Problem statement: From the records below, print exactly the lines starting at the one containing "When the survey" and ending at the one containing "(1)音乐学、表演、舞y学、", ends included, and nothing else.
[[ Working data, beginning ]]
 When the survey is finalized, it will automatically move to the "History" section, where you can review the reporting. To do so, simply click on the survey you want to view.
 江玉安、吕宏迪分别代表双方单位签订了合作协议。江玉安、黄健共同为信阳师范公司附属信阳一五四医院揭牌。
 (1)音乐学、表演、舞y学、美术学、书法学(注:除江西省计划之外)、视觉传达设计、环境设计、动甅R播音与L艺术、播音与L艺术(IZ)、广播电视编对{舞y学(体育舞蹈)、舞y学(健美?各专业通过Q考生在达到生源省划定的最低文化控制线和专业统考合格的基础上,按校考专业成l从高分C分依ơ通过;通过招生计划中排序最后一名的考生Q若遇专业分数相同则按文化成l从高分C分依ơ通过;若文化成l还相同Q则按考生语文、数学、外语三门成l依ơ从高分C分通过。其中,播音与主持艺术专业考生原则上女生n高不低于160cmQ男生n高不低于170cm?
[[ Working data, end ]]
[[ Working data, beginning ]]
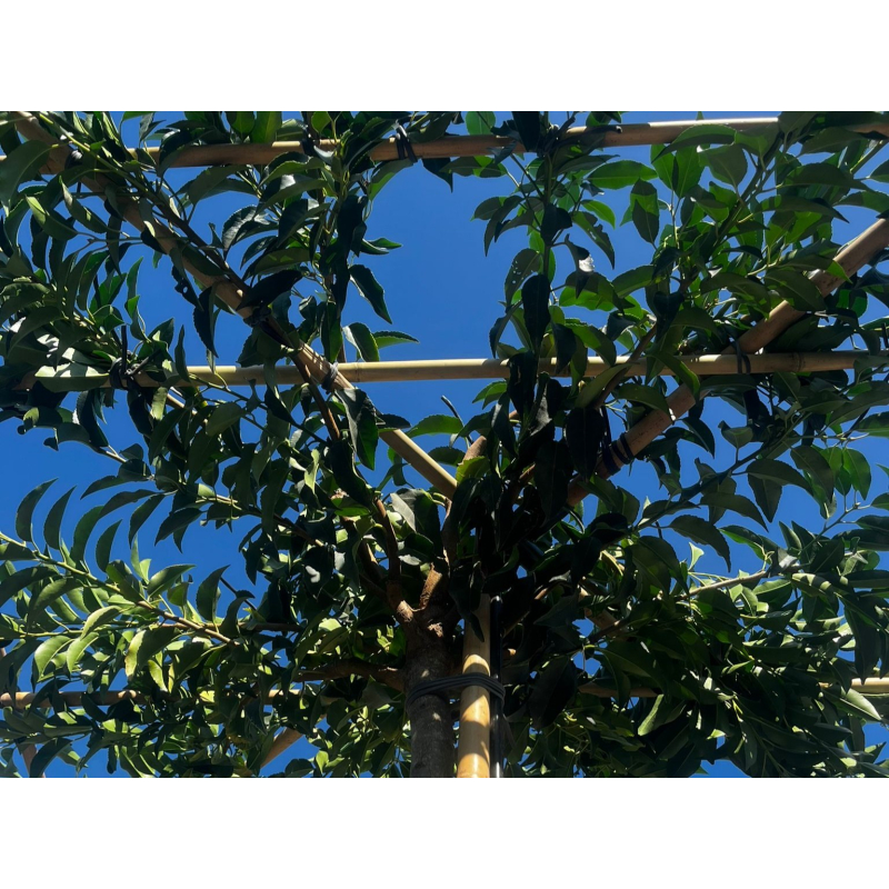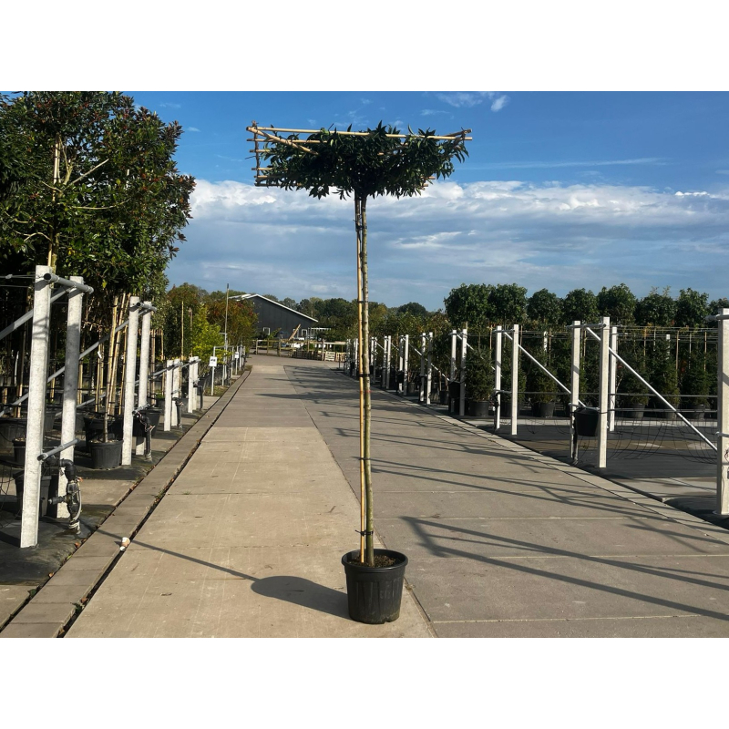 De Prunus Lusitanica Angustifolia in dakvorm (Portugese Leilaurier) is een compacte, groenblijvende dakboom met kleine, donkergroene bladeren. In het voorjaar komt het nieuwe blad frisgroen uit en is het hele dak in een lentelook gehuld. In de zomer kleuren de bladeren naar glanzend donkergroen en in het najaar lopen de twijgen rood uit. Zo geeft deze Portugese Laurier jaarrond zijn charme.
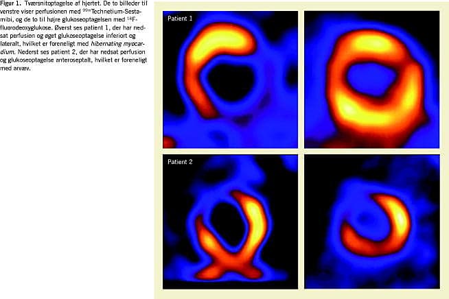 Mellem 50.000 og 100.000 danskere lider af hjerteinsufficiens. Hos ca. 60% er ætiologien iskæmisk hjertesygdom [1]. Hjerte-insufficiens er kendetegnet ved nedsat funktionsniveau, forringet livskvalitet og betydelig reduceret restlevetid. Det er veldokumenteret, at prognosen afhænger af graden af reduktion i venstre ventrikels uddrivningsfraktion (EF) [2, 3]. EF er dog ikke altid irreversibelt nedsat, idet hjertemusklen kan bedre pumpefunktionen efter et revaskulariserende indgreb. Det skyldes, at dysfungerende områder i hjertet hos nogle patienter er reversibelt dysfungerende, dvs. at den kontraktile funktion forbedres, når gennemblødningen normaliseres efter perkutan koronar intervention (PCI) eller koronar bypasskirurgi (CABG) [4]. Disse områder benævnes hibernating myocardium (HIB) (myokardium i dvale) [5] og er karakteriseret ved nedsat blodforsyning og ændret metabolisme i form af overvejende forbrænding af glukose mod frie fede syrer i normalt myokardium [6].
[[ Working data, end ]]
Exercise solution:
 When the survey is finalized, it will automatically move to the "History" section, where you can review the reporting. To do so, simply click on the survey you want to view.
 江玉安、吕宏迪分别代表双方单位签订了合作协议。江玉安、黄健共同为信阳师范公司附属信阳一五四医院揭牌。
 (1)音乐学、表演、舞y学、美术学、书法学(注:除江西省计划之外)、视觉传达设计、环境设计、动甅R播音与L艺术、播音与L艺术(IZ)、广播电视编对{舞y学(体育舞蹈)、舞y学(健美?各专业通过Q考生在达到生源省划定的最低文化控制线和专业统考合格的基础上,按校考专业成l从高分C分依ơ通过;通过招生计划中排序最后一名的考生Q若遇专业分数相同则按文化成l从高分C分依ơ通过;若文化成l还相同Q则按考生语文、数学、外语三门成l依ơ从高分C分通过。其中,播音与主持艺术专业考生原则上女生n高不低于160cmQ男生n高不低于170cm?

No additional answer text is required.